In un piccolo paesino georgiano, Lisa, giovane fotografa, da un giorno all’altro scompare nel nulla. Tutto ciò che lascia è una lettera indirizzata ai genitori in cui comunica la scelta di voler far perdere le proprie tracce. Preoccupato, Irakli – interpretato dal padre del regista e già apparso nel lungometraggio precedente, What Do We See When We Look at the Sky? – parte allora per un viaggio nell’entroterra della Georgia alla ricerca della figlia, seguendo una vaga traiettoria basata su alcuni piccoli campi da calcio che ultimamente la donna stava fotografando per il paese.

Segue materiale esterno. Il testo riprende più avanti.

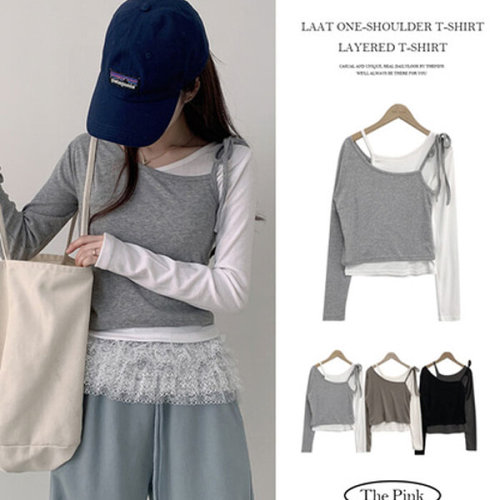 더핑크 / 라엣 슬림핏 원숄더 리본 트임 언발 레이어드 긴팔티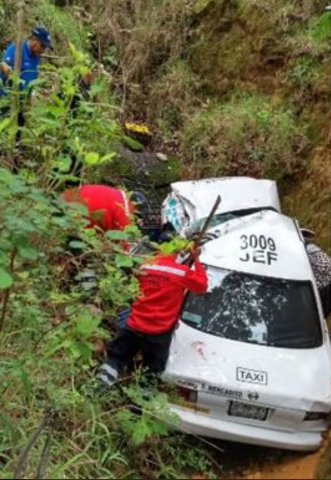 El taxi tipo Tsuru, con cromáticas azules, iba con destino a Temascaltepec, llevando a bordo dos mujeres y dos menores de edad, pero en la cerrada curva de La Pera, un camión de la línea Zinacantepec que viajaba a exceso de velocidad empujó al auto que perdió el control, por lo que se volcó en un precipicio, a unos 20 metros de altura.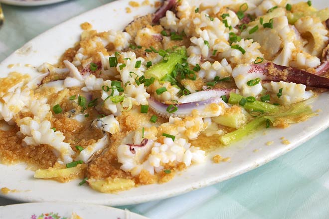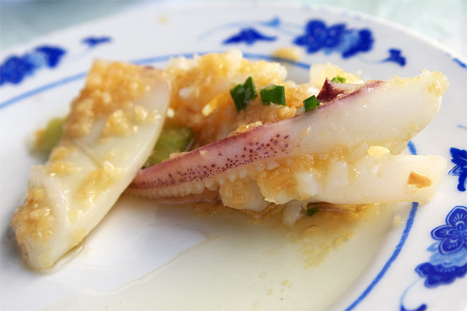 イカのネギ、ニンニク炒め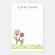 Estas notas têm delicadas tulipas cor-de-rosa e vermelhas e uma borda verde manchada com texto acima para que você personalize.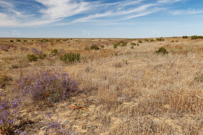 Степь в Казахстане. Сухая трава и цветущий кустарник в степи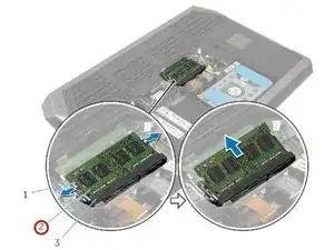 Сдвиньте и извлеките модуль памяти из слота для модуля памяти.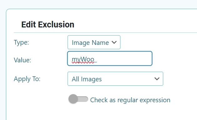 myWoo_), you could use the Exclude patterns setting located on Settings > ShortPixel > Exclusions (you need to have the Advanced Mode enabled to be able to access this menu). Following the previous example, you would have to inputmyWoo_into that settings field. The downside is that these excluded images won’t be optimized at all.
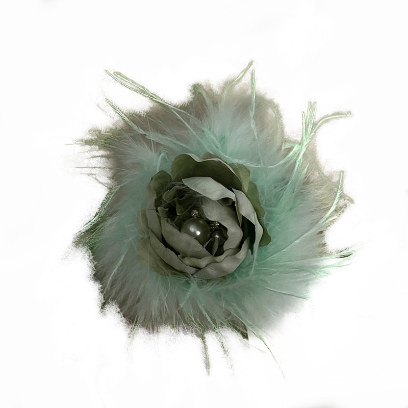 春季新款甜气质小众纯欲仙盘发大号鲨鱼夹后脑勺美鸵鸟毛花朵发夹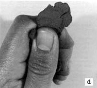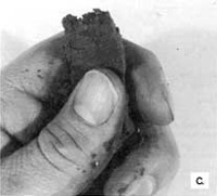 | Do not stick together enough to form a cast, (Picture A) cannot be formed into a ribbon, and is very grainy in appearance. Soil is not sticky. | Forms a good cast (Picture B) and a weak ribbon (Picture C). Surface has a grainy appearance. Soil is not sticky. | Forms a good cast and a moderately weak ribbon (Picture D). Medium-textured soils are slightly sticky. |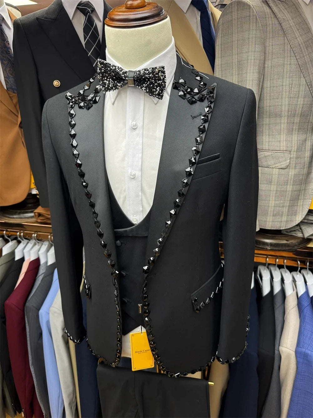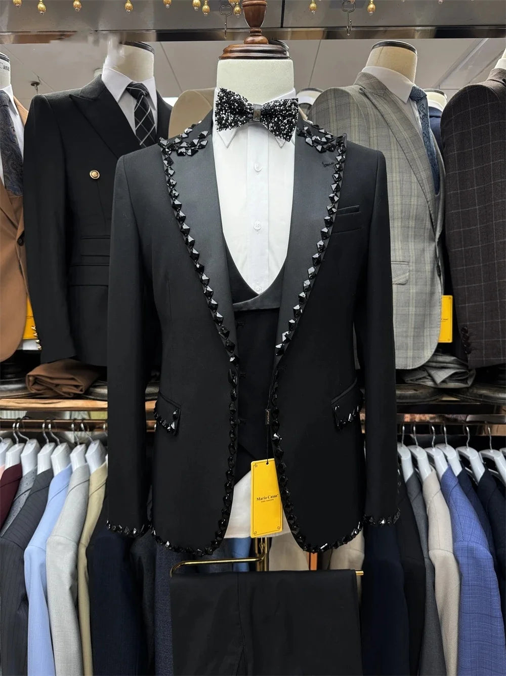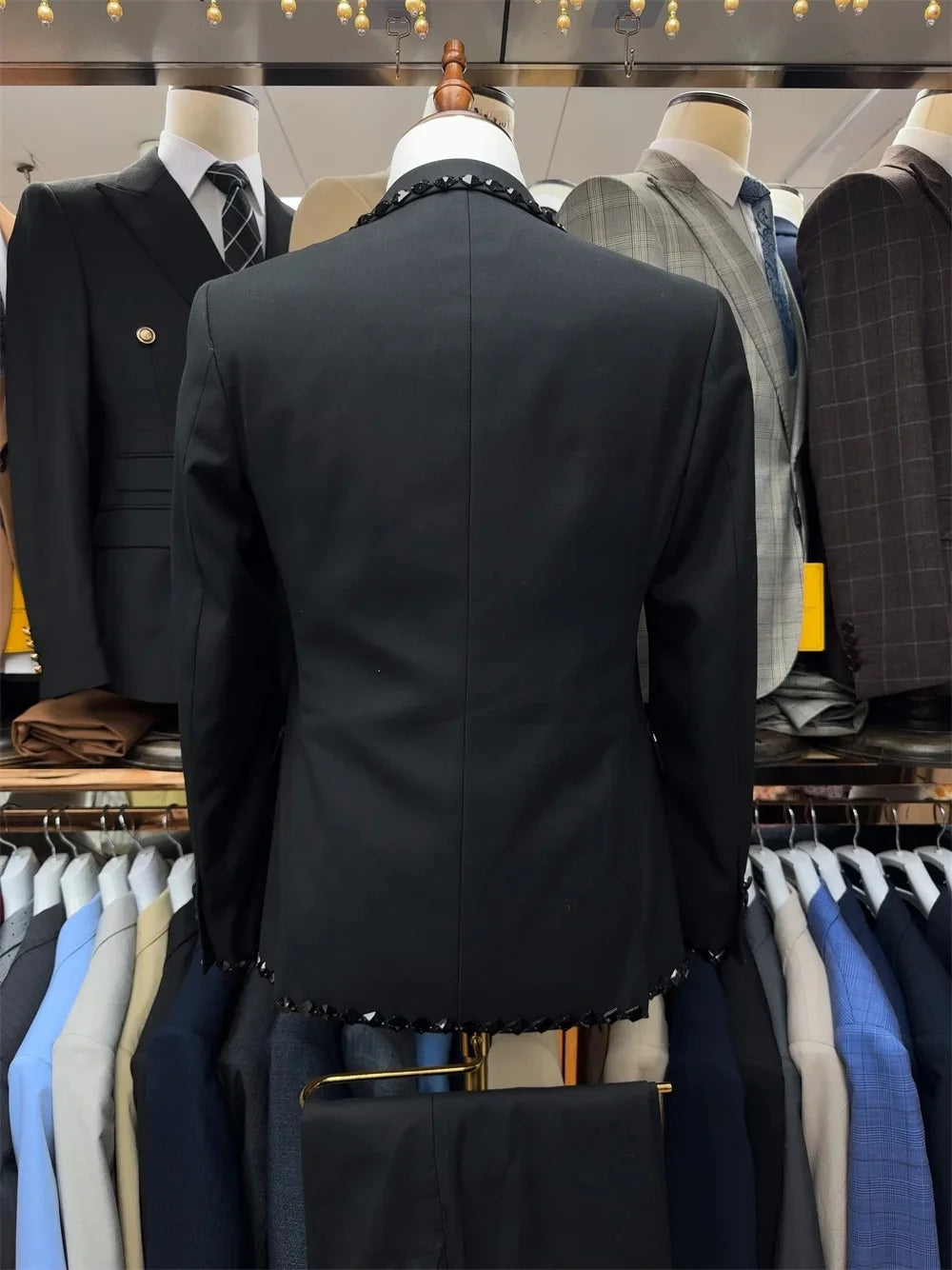 Turn heads with this luxurious, tailor‑made 2‑piece suit designed for grooms, red‑carpet moments, stage performances, and any occasion that calls for glamour. This double‑breasted blazer features a beaded, rhinestone‑encrusted shawl lapel and elegant tassel detail — all customizable to your exact measurements and style preferences.
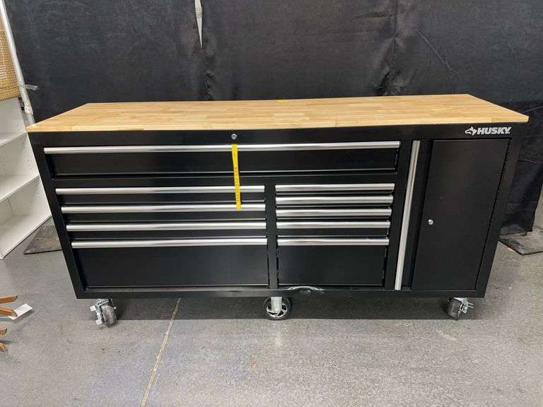 READ! Husky Standard Duty 72 in. W x 20 in. D 10-Drawer Black Mobile Workbench Cabinet with Solid Wood Top

È attorno a questo pretesto narrativo da road movie che Alexandre Koberidze costruisce il suo ultimo film – presentato in concorso alla 78ª edizione del Locarno Film Festival –, che fin da principio si colloca nella catena del cinema moderno, a cominciare dall’intenzione di rifiutare in modo programmatico ogni senso di appagamento conseguente alla detection. Così come in L’avventura (1960) di Michelangelo Antonioni e più di recente in Essential Truths of the Lake (2023) di Lav Diaz, in Dry Leaf (2025) la ricerca da parte del protagonista di una giovane ragazza svanita in circostante inspiegabili, o inspiegate, non conduce soltanto a un paradossale allontanamento dall’oggetto del desiderio, che appare sempre più irraggiungibile e sfuggente con il passare del tempo, ma anche a una perdita della ragione stessa del viaggio di cui siamo testimoni. Di fronte agli occhi dello spettatore l’avventura intrapresa dall’uomo scivola in maniera inesorabile in un girovagare senza meta per gli spazi che (forse) Lisa ha abitato, alimentando la sensazione di spaesamento che permane per tutta l’opera.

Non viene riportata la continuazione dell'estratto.